Get ready, Vegas - with this crew in town, even the slot machines aren't safe

10:45 AM -- They work toward it all year: The most devious minds in the industry come up with the most dangerous security vulnerabilities and exploits they can find -- and then they get together and share them.

Next week in Las Vegas, some of the world's smartest and most cunning researchers will convene at Black Hat USA 2007. During two days' worth of presentations, security managers will get more to worry about than in a year's worth of Patch Tuesdays.

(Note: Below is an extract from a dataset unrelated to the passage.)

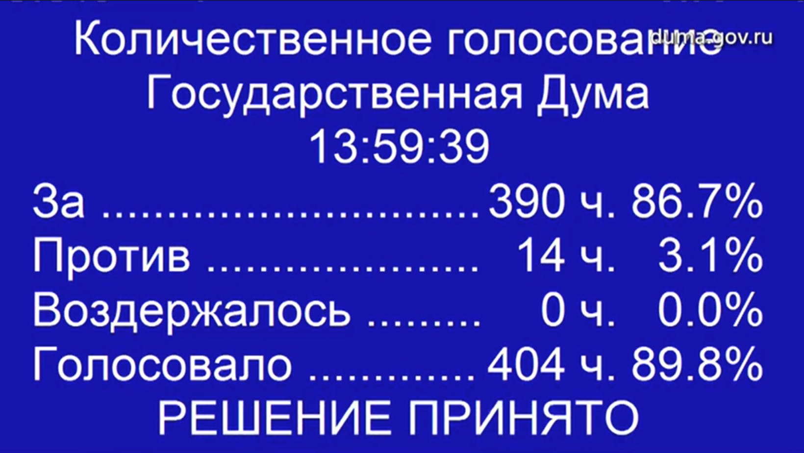 Против проголосовало 14 депутатов, 390 парламетариев закон поддержало.
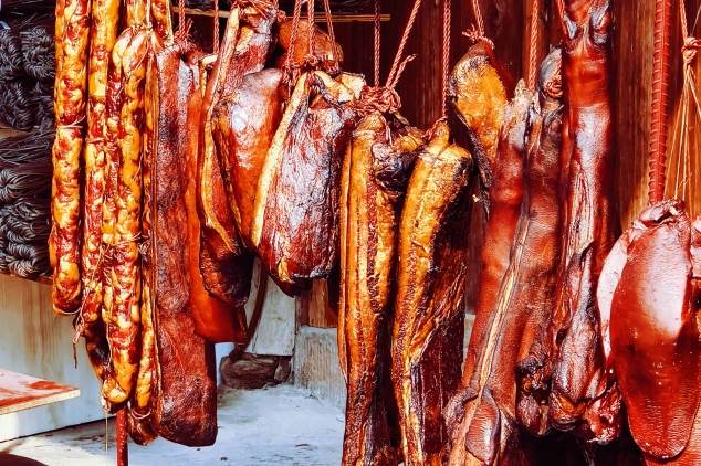 今年,我学习了如何腌制腊肉腊肠。在集市上精挑细选肥瘦相间的猪肉,拿到家后,按照一斤肉两钱盐的规则,算好盐的用量。手洗净后,将雪白的盐均匀地撒到猪肉上,然后就开始给猪肉“按摩”,仔细地将猪肉上的盐揉搓。揉搓完毕后,将猪肉放置几天,等待盐开始发挥作用。几天后,把猪肉洗净,用绳子挂起来。挂的地方自然也有讲究,要挂在煮饭做饭的烟能熏到的地方。在烟火的熏陶之下,猪肉会从原本的颜色,逐渐变为黄灿灿的颜色。而它的口感,也会更多一份香气。在春节,腊肉腊肠,烹饪了人们一年来的苦涩与辛苦,端出了温馨的团圆和幸福。

We've seen previews of some of the vulnerabilities already. On Wednesday, renowned researcher HD Moore explained how he plans to demonstrate powerful hacking techniques that neither exploit unpatched vulnerabilities nor zero-day bugs. Apparently, now even fully-patched systems aren't safe. (See Hacking Without Exploits.)

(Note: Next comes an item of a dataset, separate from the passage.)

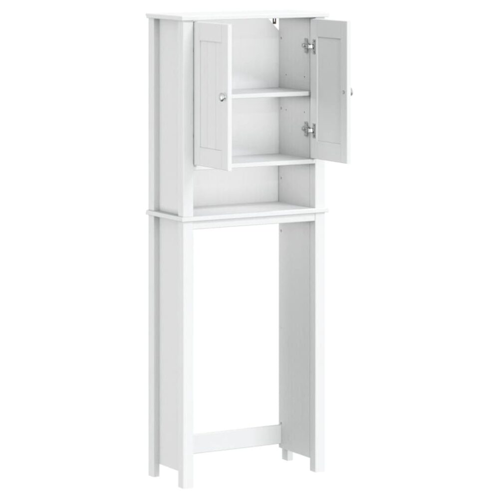 Maximize o espaço na sua casa de banho e conceda-lhe um aspeto arrumado e limpo com este móvel de arrumação em madeira para colocar sobre a sanita. Madeira de pinho maciça: a madeira de pinho maciça é um bonito material natural. A madeira de pinho possui um grão reto e os nós dão ao material o seu aspeto rústico.Amplo espaço de arrumação: o armário de arrumação para casa de banho apresenta 3 prateleiras que oferecem um amplo espaço para acomodar facilmente os seus artigos essenciais de higiene pessoal e de banho, tais como sabonetes, champô, pasta de dentes, etc.Design economizador de espaço: a estante de casa de banho foi concebida para ser colocada acima da sanita, pelo que se adequa bem a espaços limitados, sendo ideal para casas de banho mais pequenas.Fácil de limpar: o design de pintura UV proporciona uma superfície suave e facilita a limpeza. O móvel de casa de banho é resistente à água, o que garante uma utilização duradoura. Atenção:Para evitar que o produto se vire, deve utilizar um dispositivo de fixação para a parede (não fornecido).

Meanwhile, researchers at Watchfire offered a peek at their discovery of a means to hack a broad range of applications using a common programming error called a "dangling pointer." Their discovery raises some serious questions about software bugs that have previously been overlooked because they didn't appear to have security implications. (See Pointing to Danger.)

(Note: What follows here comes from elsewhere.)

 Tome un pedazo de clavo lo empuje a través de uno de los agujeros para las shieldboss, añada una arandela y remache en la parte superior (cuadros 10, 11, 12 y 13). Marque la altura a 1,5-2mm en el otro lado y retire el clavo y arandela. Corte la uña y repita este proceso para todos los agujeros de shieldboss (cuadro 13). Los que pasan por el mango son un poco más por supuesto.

And last week, researchers gave us a look at some holes in so-called "data leak prevention" tools, an emerging class of products that has received a lot of hype but still needs a lot of work. A pair of researchers at Black Hat will demonstrate multiple types of flaws in various vendors' DLP products that would let an attacker evade them, alter their records of stolen data, and even use them to bot-infect client machines. (See Black Hat: DLP Hack.)

These are just the tip of the iceberg. A look at the Black Hat schedule of briefings lets you walk through abstracts of a wide range of exploits, including one guy who says he can hack computers without ever touching a keyboard.

We hope that many of you will be able to attend the Black Hat sessions in person, but for those who can't, Dark Reading will be your eyes and ears in the coming week. When you pull up our site next week, you'll see a special news section containing all of our coverage of Black Hat -- including the stories we've already covered, as well as our up-to-the-minute coverage from Las Vegas. Later in the week, we'll also have some new video that will give you a view of what's happening at the show. A number of Black Hat video interviews and features will follow in the weeks to come.

Hold onto your black hats, security pros, it's going to be a scary ride. And a note to the casino operators in Vegas: Keep a close eye on your electronic networks. With these clever devils in town, anything could be fair game.